沐青看著姑姑那張堆滿假笑的臉,想起原主記憶裡的一件事。
他二十歲那年,姑姑生病住院,原主從打工的錢裡擠了三千塊送去醫院。
三千塊是原主當時兩個月的飯錢。姑姑收了錢,說“沐青你最孝順了”。後來姑姑的兒子結婚,姑姑請了全家人喝喜酒,唯獨沒請原主。
原主後來在朋友圈看到全家福照片,所有人都在,就少了他一個。他問姑姑為什麼沒叫他,姑姑說“哎呀,我以為你不愛參加這種場合”。
不愛參加?是嫌他穿得破,怕在親家面前丟臉吧。
“姑姑,”沐青說,“你說得對,福利院是孤兒待的地方。但你告訴我,失去父母的孩子不叫孤兒叫什麼?
他們是孤兒。這是事實,不是靠改個稱呼就能掩蓋的。
與其讓他們跟著一個連自己都養不活的哥哥,過著有一頓沒一頓的日子,不如去福利院。至少那裡有飯吃,有書讀,有人管。

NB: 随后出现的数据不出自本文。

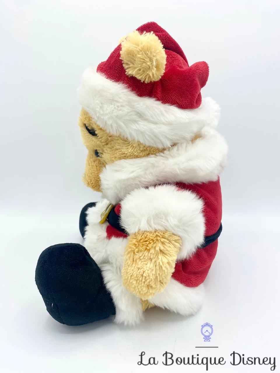Peluche représentant Winnie l’ourson dans une tenue de Père Noël. Il porte un manteau rouge bordé de fourrure blanche et une ceinture noire avec une boucle dorée. Il a des bottes noires à fourrure et un bonnet de Noël rouge avec un pompon blanc d’où en ressort ses deux petites oreilles jaunes. Ses yeux sont en plastique noir, ses sourcils, son museau et sa bouche sont en feutrine noire. Peluche idéale pour les fêtes de fin d’année ! Écusson Disney Store Exclusive & Authentic sous le pied de la peluche.

”
他說完這句話,看了一圈面前這四個人,最後把目光落在二叔臉上。
“二叔,三叔,姑姑,姑父,我話說完了。
你們要是真疼這幾個孩子,與其在這兒攔著我,不如自己去民政部門申請收養。
法律規定,親屬收養的優先級別比福利院高。只要你們誰願意收養,我舉雙手贊成。你們誰願意?”
沒有人說話。
二叔別過了臉。三叔低頭看手機。姑姑拽著姑父的袖子往後縮了縮。
沐青等了三秒鐘,然後點了點頭,像是在心裡確認了一個早就知道的答案。
他轉身走回了校門,背影筆直,書包在肩上一晃一晃的。
保安大爺給他開了門,朝他豎了個大拇指,小聲說:“小子,有骨氣。”
沐青沒回頭。
身後的四個大人還在校門口站著,像是在醞釀下一輪攻勢。
但沐青已經不想再聽了。他回到教室,坐下,翻開剛剛做到一半的數學卷子。
卷子上是一道數列大題,他掃了一眼,用鉛筆在草稿紙上列了幾行公式,不到五分鐘就解出來了。
答案簡潔漂亮,每一步推導都乾淨利落。
他忽然覺得,做數學題和做人生選擇其實有點像。很多看似複雜的題目,只要你把已知條件列清楚了,把變數一個個剝離出來,核心邏輯就會變得非常清晰。
原主當初犯的最大的錯誤,不是他不夠努力,而是他把別人的責任當成了自己的已知條件。
他默認了“弟弟妹妹必須由我來養”這個條件是不可更改的,於是所有變數都圍繞著這個條件來求解,輟學、打工、透支身體、放棄一切。
但實際上,這個條件從一開始就是可以摘掉的。
現在他摘掉了。
週四的早晨,沐青像往常一樣收拾好書包準備出門。